• **Task details**
Retype word for word the stretch of entries below from the line that has "CONSTRUÇÃO DE QUALIDADE" through the line that has "2018年1月6日上午,威海", and omit the pictures.

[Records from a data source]
══════════

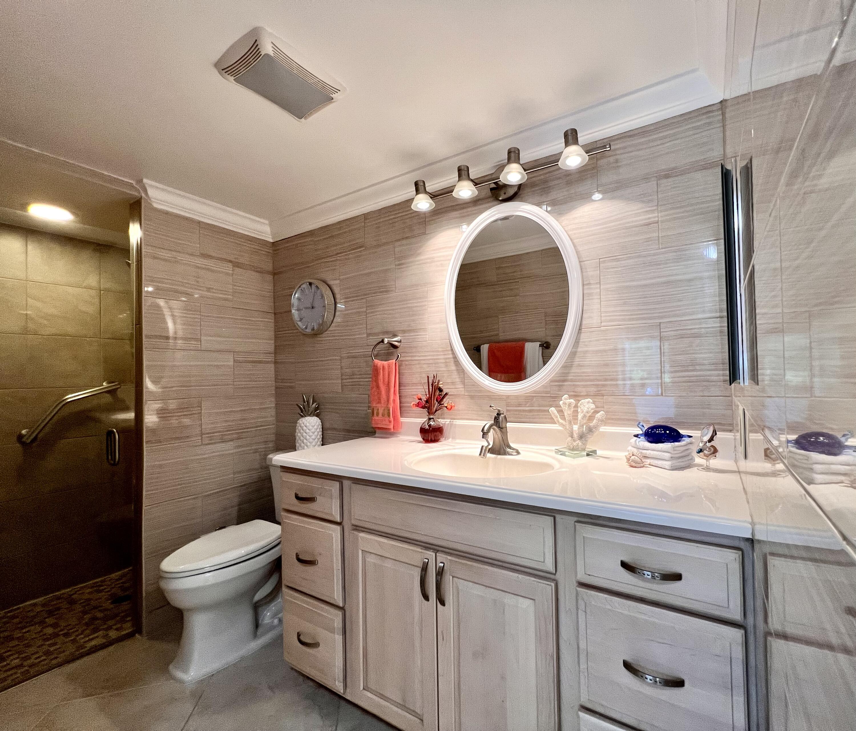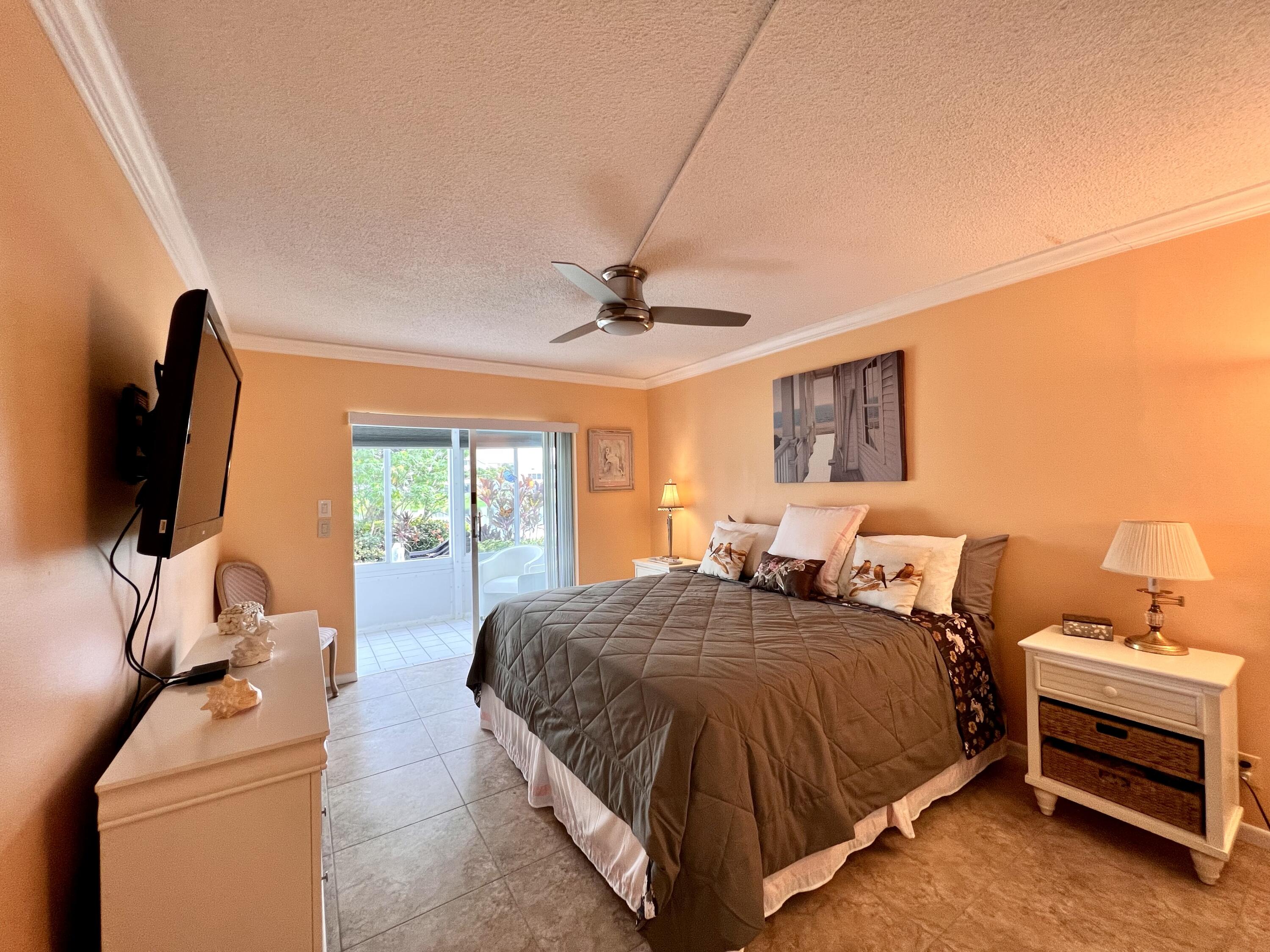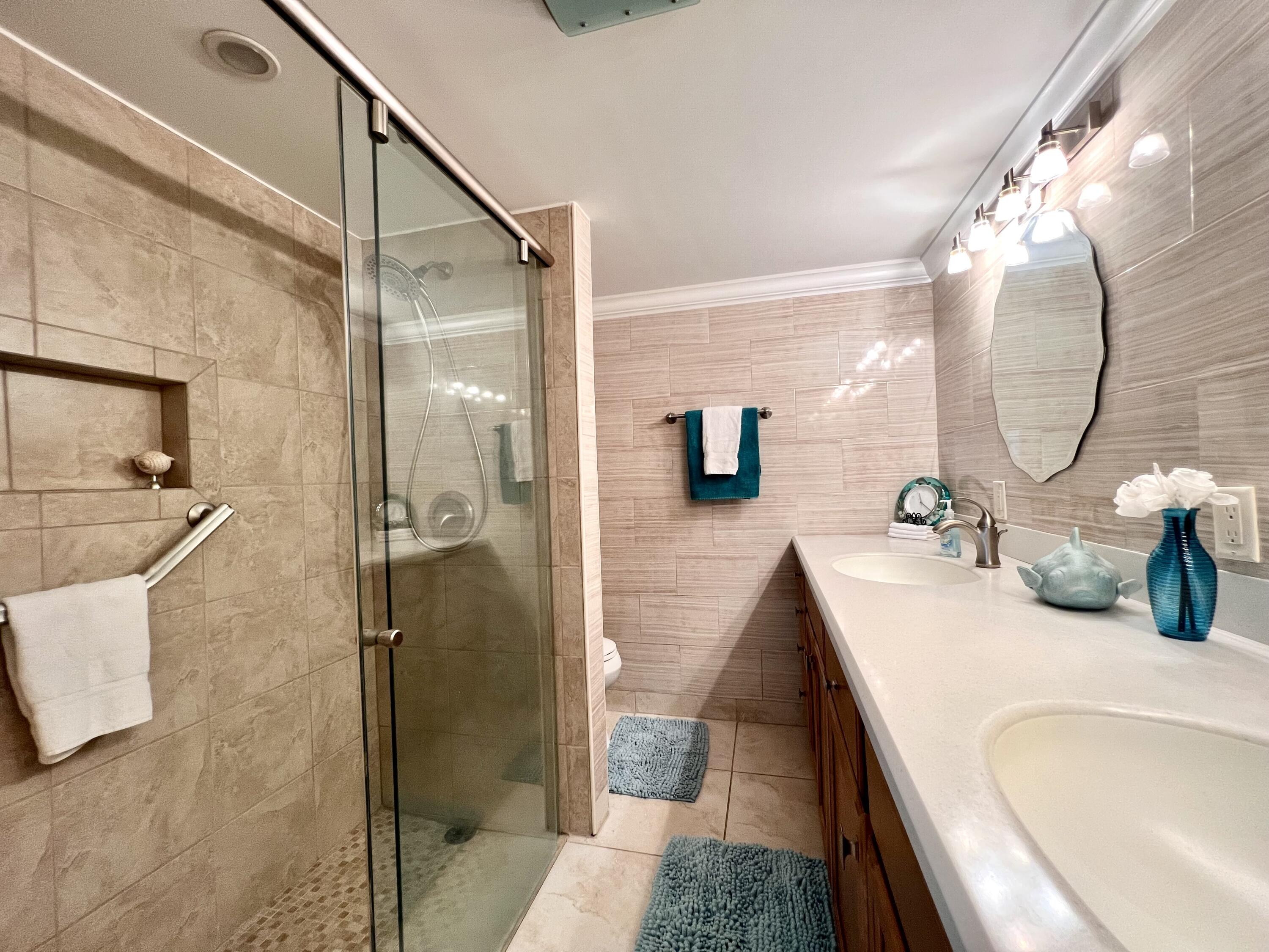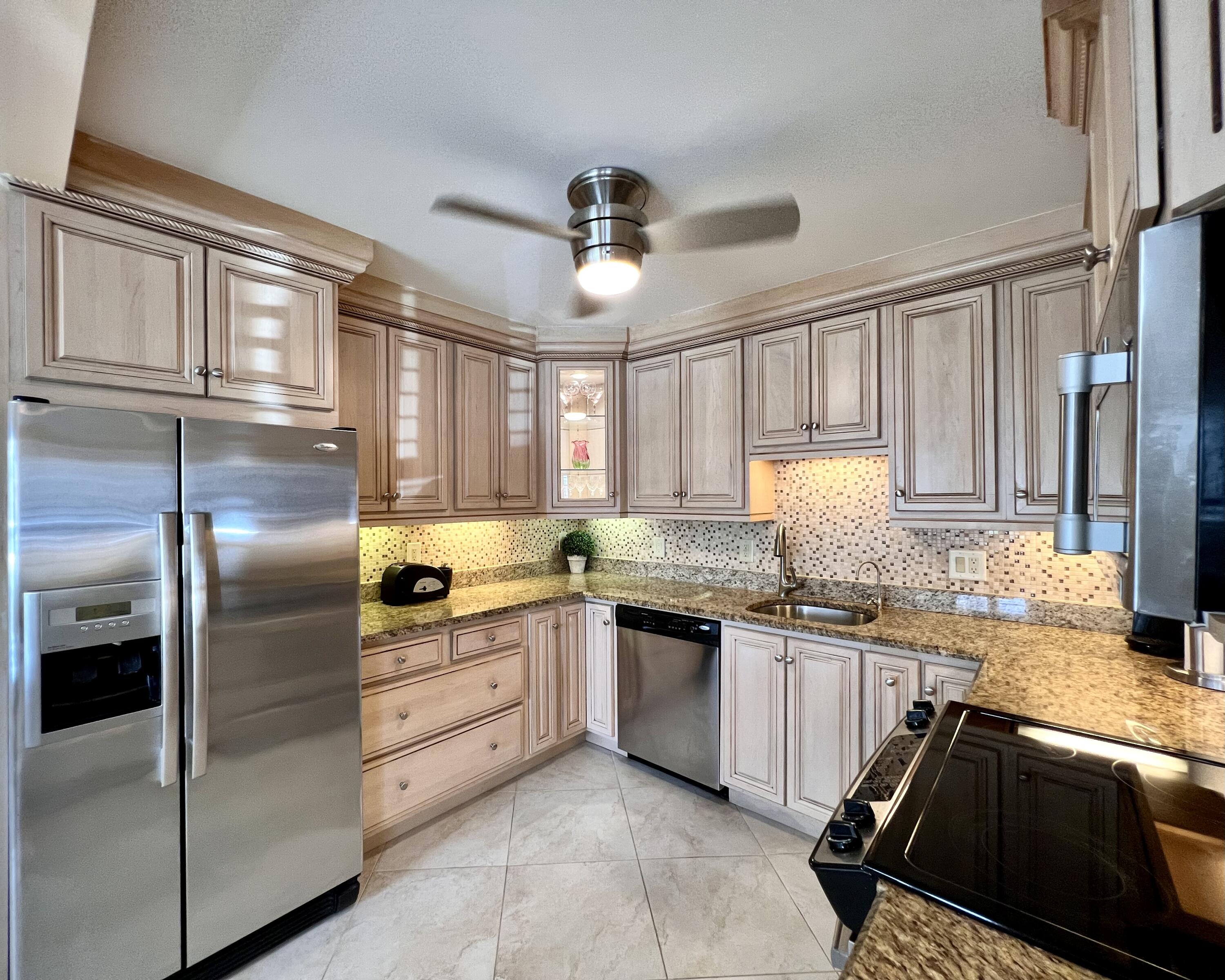 EXQUISITE & UPDATED IN THE LUXURY WELLINGTON SECTION OF 55+ CENTURY VILLAGE! Elegant & spacious 2/2 with pretty water views, private patio, and desirable FIRST FLOOR location. Beautifully updated & upgraded kitchen with expanse of cabinets, granite counters, and stainless appliances. Custom floor to ceiling pantry closet for amazing extra storage. Updated baths with curb-less entry showers. Updated Lanai flows out to the private water side patio. Neutral tile flooring & crown molding throughout. Complete hurricane protection. Parking spot a few steps to front door. Nicely maintained luxury building with reserves, trash chutes, extra storage. Two private pools for Wellington section residents. Sold AS IS & Furnished (some items excluded). Century Village is a 55+ community with so much to
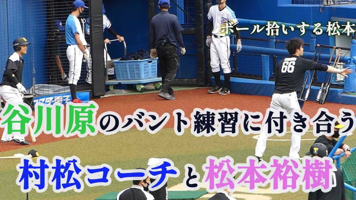 【ソフトバンクホークス】谷川原のバント練習に付き合う村松コーチと、ボール拾いする松本裕樹 福岡ソフトバンクホークス 谷川原健太 松本裕樹 村松有人
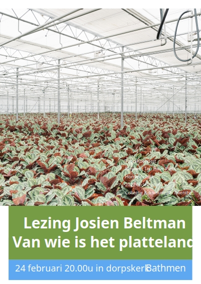 Lezing Josien Beltman. Terugblik op het project ‘Van wie is het platteland’ en de rol van het museumJosien Beltman is kunsthistoricus met een focus op moderne en hedendaagse kunst. Zij werkt als conservator in Rijksmuseum Twenthe.In 2023 organiseerde het museum een groot project rondom de vraag ‘van wie is het (platte)land?’ Veel actuele kwesties komen namelijk samen in het landelijk gebied: van stikstof en energietransitie tot biodiversiteitsverlies en woningnood. Maar van wie is het land eigenlijk? En hoe kunnen we er in de toekomst mee omgaan? Aan de hand van kunstwerken vanaf 1500 tot nu werd getoond hoe de mens door de eeuwen heen het land heeft gecultiveerd en toegeëigend om het economisch nuttig te maken. Daarnaast had het museum vier kunstenaars uitgenodigd om onderzoek te doen naar de dilemma’s die zich manifesteren op het platteland van Twente. Naar aanleiding van dit project zijn verschillende kunstwerken aangekocht die op dit moment nog in het museum zijn te zien. In deze lezing blikt Josien terug op het project en op de verschillende kunstwerken die eruit zijn voortgevloeid. Ook gaat ze in op de rol die een museum kan spelen in de 21ste eeuw. Niet alleen een plek om kunst te tonen, maar ook een plek voor maatschappelijke dialoog. Wanneer: dinsdag 24 februari Waar: kerk Bathmen Tijd: 20.00 -21.45 uur | ||
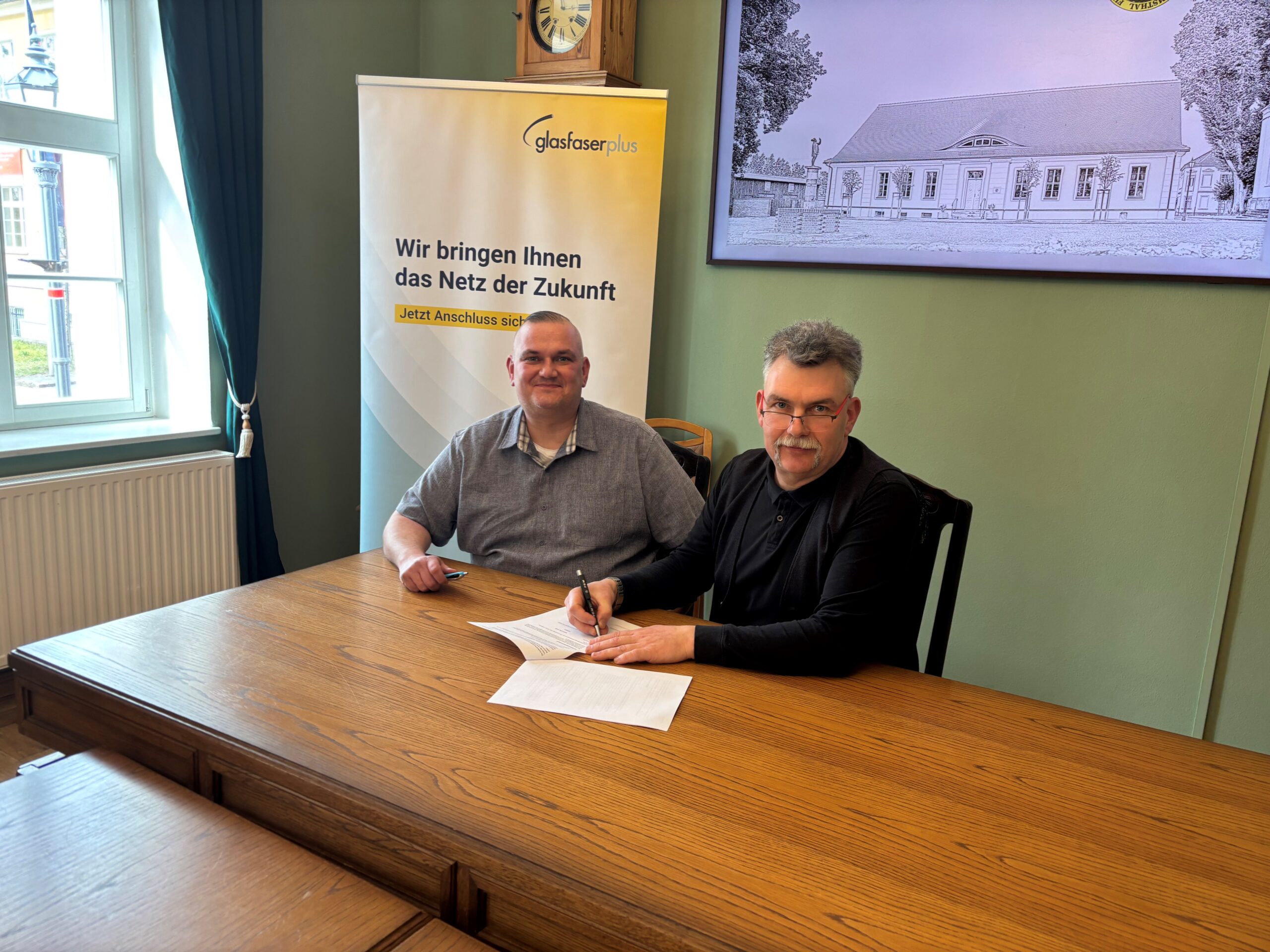 GlasfaserPlus wird 2026 in Joachimsthal Glasfaser-Anschlüsse bis ins Haus bauen. Die Stadt und GlasfaserPlus haben dazu am 02. April 2026 eine gemeinsame Erklärung unterzeichnet. In diesem Zuge werden rund 1.360 Haushalte und Unternehmensstandorte im Stadtgebiet angeschlossen.
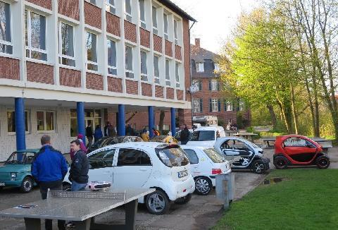 Lüdinghausen. Trotz des durchwachsenen Wetters war die 10. Solarchallenge Münsterland eine der größten. Der Einladung des Sunny-Cani-Teams und des EL-Team-Münsterland waren etwa 35 Personen gefolgt, über 30 Elektrofahrzeuge – vom Youngtimer bis zum Neufahrzeug (zwei davon vom Autohaus Rüschkamp zur Verfügung gestellt) – beteiligten sich an den Ausfahrten. Allein das in der Szene weltbekannte Solarcarteam von der Hochschule Bochum war mit acht Leuten, seinem selbst konstruierten Solarcar und Begleitfahrzeugen dabei. Team-Mitglied Sylvia Illberger aus Lüdinghausen stellte das Objekt ihrer Bachelor-Arbeit vor, sie hatte einen Youngtimer „Hotzenblitz“ aus den 1990er Jahren technisch auf den neuesten Stand gebracht und damit jetzt erfolgreich ihren akademischen Abschluss erreicht. Vor Jahren war sie die erste weibliche Auszubildende für Mechatronik im Autohaus Rüschkamp, nun gibt sie ihr Wissen bereits an junge Studierende der Hochschule im Fach Elektromobilität weiter. Der eingeschränkte Sonnenschein schränkte die Solarfahrzeuge übrigens nur bedingt ein, da sie die Energie aus einer Speicherbatterie nutzen und sich den benötigten regenerativ erzeugten Strom aus dem Netzverbund holen. Nur das Solarcar hat auf dem Dach eigene Hochleistungs-Solarzellen.
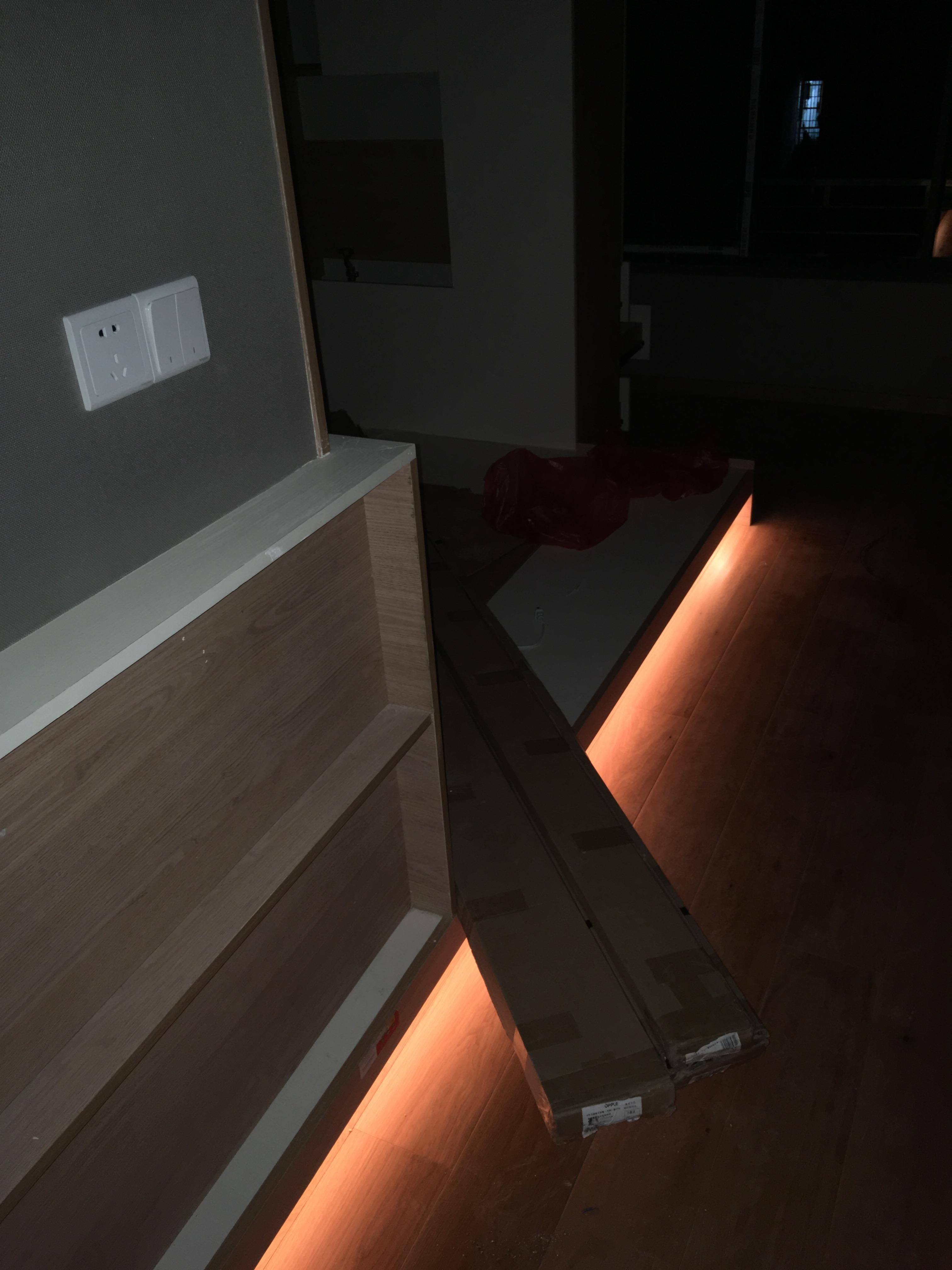 這條床下燈帶在夜晚亮起來(lái)的時(shí)分,我竟有點(diǎn)感動(dòng),這么些年過(guò)去了,似乎也沒(méi)閱歷多少美妙的時(shí)辰。
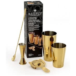CONSTRUÇÃO DE QUALIDADE Trabalhada com aço inoxidável resistente banhado a ouro para manter a forma, esconder o desgaste e ter um desempenho consistentemente bom, mantendo uma aparência refinada. ESSENCIAIS DE BARWARE Um conjunto conveniente para fornecer os principais componentes para uma configuração básica de barra, inclui os grampos necessários para cada bn. FÁCIL DE LIMPAR Para maximizar o desempenho e a longevidade de seus produtos Barfly, recomenda se lavar as mãos com sabão neutro e água morna. Evite detergentes que contenham alvejante ou cloração pesada. EQUIPAMENTO DE MIXOLOGIA BARFLY Barware fino para o bn profissional ou o entusiasta em casa Barfly tem todas as ferramentas necessárias para ajudar a criar o coquetel perfeito
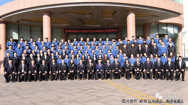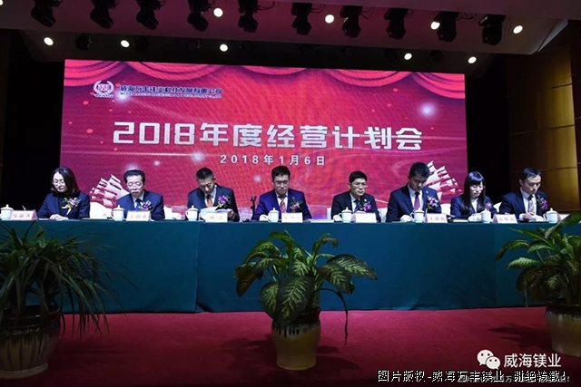 2018年1月6日上午,威海万丰镁业2018年经营计划会在金海湾国际饭店隆重召开,会议回顾总结了辉煌的2017年,并为2018年奋斗目标和工作重点指明了方向。公司领班级以上干部、全体办公室人员参加了此次会议。
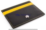 Кожаный футляр Jaguar с четырьмя отделениями для кредитных карт и центральным универсальным отделением, например, для банкнот. Контрастная прострочка желтыми нитками по периметру. Металлический значок с эмблемой Jaguar на одной стороне и тиснение "Jaguar" - на другой. Основной цвет: черный, детали из кожи желтого цвета. Артикул: 50JDLG717BKA
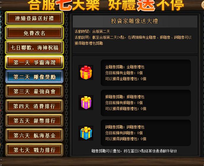 雕像獎勵:活動當天24點時,碼頭擁有金雕像、銀雕像、銅雕像可以獲得雕像禮包獎勵,獎勵可以疊加,雕像越多獎勵越多!

══════════

• **Finished exercise**
CONSTRUÇÃO DE QUALIDADE Trabalhada com aço inoxidável resistente banhado a ouro para manter a forma, esconder o desgaste e ter um desempenho consistentemente bom, mantendo uma aparência refinada. ESSENCIAIS DE BARWARE Um conjunto conveniente para fornecer os principais componentes para uma configuração básica de barra, inclui os grampos necessários para cada bn. FÁCIL DE LIMPAR Para maximizar o desempenho e a longevidade de seus produtos Barfly, recomenda se lavar as mãos com sabão neutro e água morna. Evite detergentes que contenham alvejante ou cloração pesada. EQUIPAMENTO DE MIXOLOGIA BARFLY Barware fino para o bn profissional ou o entusiasta em casa Barfly tem todas as ferramentas necessárias para ajudar a criar o coquetel perfeito
 2018年1月6日上午,威海万丰镁业2018年经营计划会在金海湾国际饭店隆重召开,会议回顾总结了辉煌的2017年,并为2018年奋斗目标和工作重点指明了方向。公司领班级以上干部、全体办公室人员参加了此次会议。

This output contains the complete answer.